【第525回】  二の手が来ないような態勢をとる

合気道は相対で受けと取りを交互に変わって技を錬磨していく。技を掛ける取りは、まず、受けの攻撃を受け、そしてその攻撃に対して技を掛けて倒したり、抑えこんだりするわけだが、受けは本来、取りに対して攻撃するのが役割である。しかし、注意しなければならないのは、受けの攻撃は最初のものだけではないということである。受けの役割は、最初だけでなく、最後の決めまでの間にスキがあれば攻撃することである。しかし、実際にスキを見つけたからといって、当身を入れたり、抑えこんでしまっては稽古にならないので、気持ちで当身を入れたり、抑えたりすることになる。

従って、取りは受けを投げたり抑える権利があるからといって、受けの受けだけに期待して技を掛けてはならないことになる。
受けが、スキあらばという思いで受けを取り、取りはスキがないように動き、技を掛けていけば、緊張した充実した稽古になることになるし、そのような稽古をしなければならないだろう。
受けがしっかり攻撃しないと、取りもしっかりした稽古ができないものである。

さて、もう少し、このことを掘り下げて見てみたいと思う。
取りが技を掛ける場合、具体的に注意することがある。
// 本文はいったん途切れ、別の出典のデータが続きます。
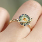 Este anillo elegante ofrece un movimiento rotativo relajante. Su diseño inspirado en la galaxia añade un toque único a tu estilo.
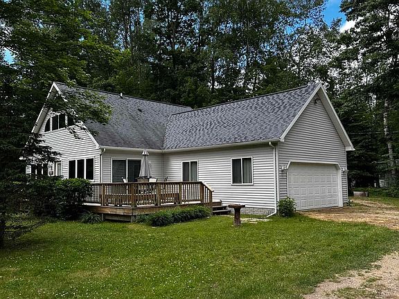 Welcome to 6300 Woodland Drive, a charming Chalet-style 3-bedroom and 2.5-bathroom home. This house has multiple windows, skylights, and a cathedral ceiling to let the natural light in. The wood-burning fireplace with beautiful stone front is cozy on cool days. The house is nestled on two lots on the corner of Woodland Dr. and Greenglen St.. This sale includes four lots (44, 45, 129, and 130), two of the lots located directly across the street, wooded, with the potential for future development. The house is perfectly secluded by trees, providing unparalleled privacy. As part of an HOA, this home offers access to an all-sports lake (Doc and Tom Lake), pavilion, clubhouse, in-ground pool, and many other amenities. **Property Features:** - **Location:** 6300 Woodland Drive - **Lot Size:** .93 acres - Includes four lots (44, 45, 129, and 130) - **House Size:** 1,356 sq. ft. - **Bedrooms:** 3 - **Bathrooms:** 2.5 - **Garage:** Two-car attached garage - **Decks:** Wrap-around deck and a private deck off the primary bedroom - **Outdoor Space:** Fenced-in area, perfect for pets, fire pit - **Additional Structures:** Storage shed - **Privacy:** Secluded by trees **Interior Features:** - **Move-in Ready:** The house is in pristine condition, ready for its new owners. - **Primary Bedroom:** Located on the main floor with an en-suite full bathroom. - **Laundry:** Includes new washer and dryer. **Development Potential:** Two of the included lots are wooded and offer great opportunities for future development or expansion, adding value to the property. **Summary:** This beautiful property combines privacy, convenience, and potential for future growth. Whether you're looking for a move-in-ready home, a vacation home, or an investment opportunity with development possibilities, 6300 Woodland Drive has it all. Don't miss out on this unique chance to own a versatile and private home.
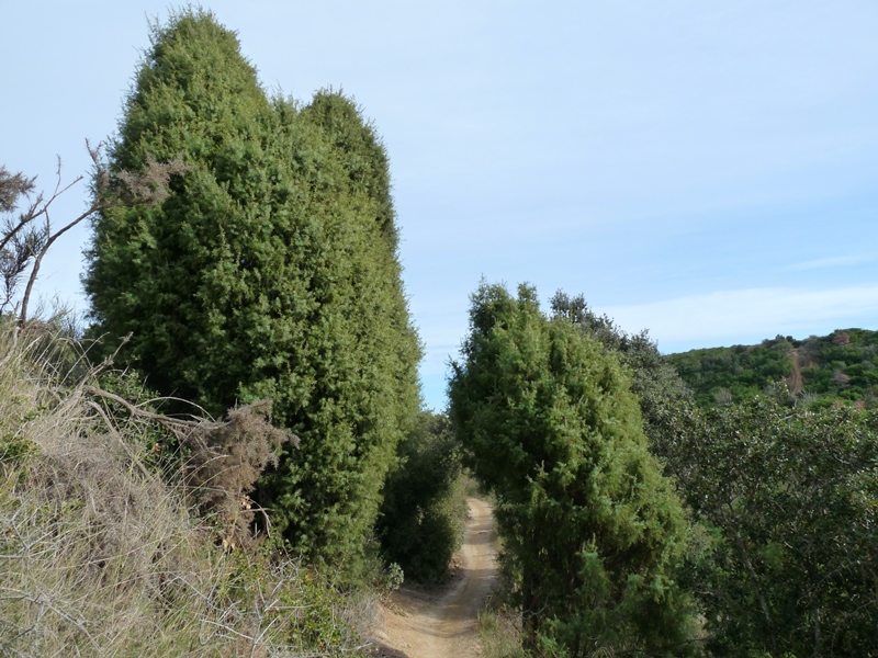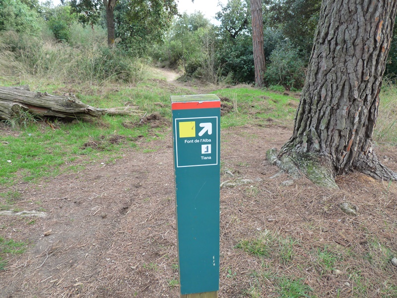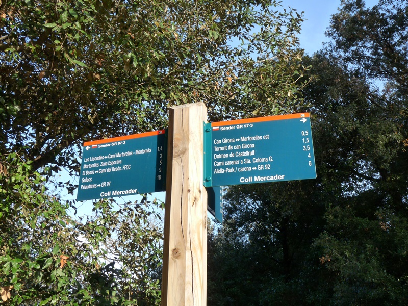 Uns metres més avall trobem una cruïlla de camins (pal indicador). A la nostra esquerra un parell de pistes menen cap a Santa Maria de Martorelles. Nosaltres hem d´anar vers la dreta en pujada seguint les marques del GR-97.3 entre vinyes de la DO Alella i un bosc mixt d´alzines i pins amb llentiscle fins arribar al coll Mercader.
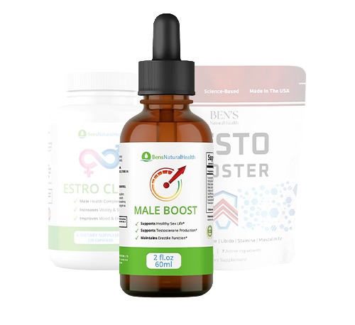 The three powerful natural supplements that are included in the program are Testo Booster, Estro Clear and Male Boost. They combine to address all aspects of male sexual health, working fast to restore optimal erectile function, libido and endurance without drugs, surgery or side effects.
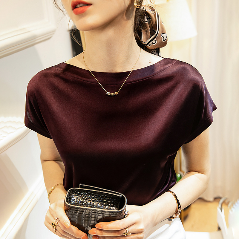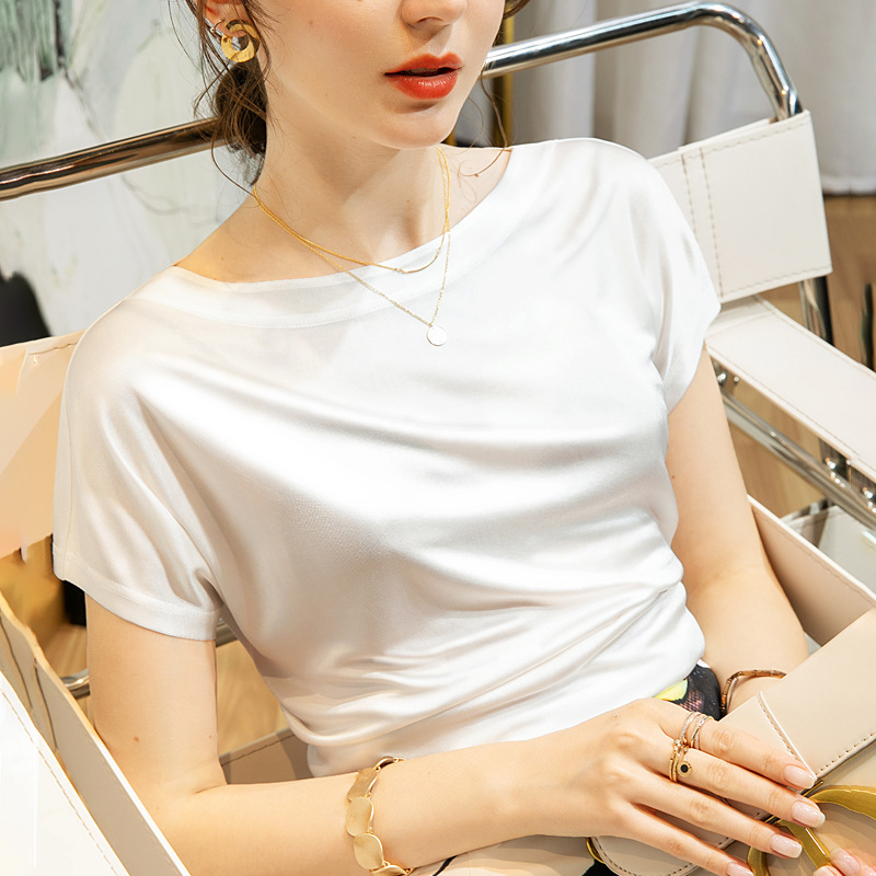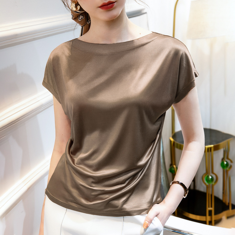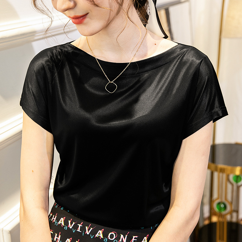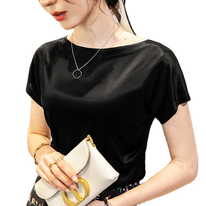 夏装新款优雅短袖丝光T恤洋气打底衫丝滑光泽感上衣

それは、相手の二の手が来ないようにすることである。
まず、相手は受けだけ取ってくれるから、途中で攻撃はないなどと思わない事である。間違った動きや態勢をとれば、抑えられている手の反対側の手、つまり相手の二の手が飛んでくると思わなければならない。

例えば、片手取り四方投げで、取りの自分の円ではなく、受けの円内に入ってくれば、二の手で待ってましたとばかり顔などを張り飛ばされてしまうし、正面打ち一教で、腹を正面に向けて入ってくれば、蹴とばされてしまうことになる。

二の手が来ないようにするためには、技と同様、法則に則った、動きと体づかいをしなければならない。
例えば、相手の死角に入いり、相手の正面に立たない。また、もう少し高度になると、「相手の陰(かげ)に入らなければならない」「陰とは心である」(有川定輝師範)等々である。このためにも、足は右左を陰陽でつかい、居つかない。体は十字につかい、己のお腹を相手に向けて技を掛けない。相手を己の円の中に入れ込んでしまうよう、円の動きのめぐり合わせで体と技をつかう。相手と自分の中心線を外さないで技をつかう等が大事になる。

技を掛ける際は、受けてくれている相手の二の手が来ないような態勢と体つかいをしなければならない。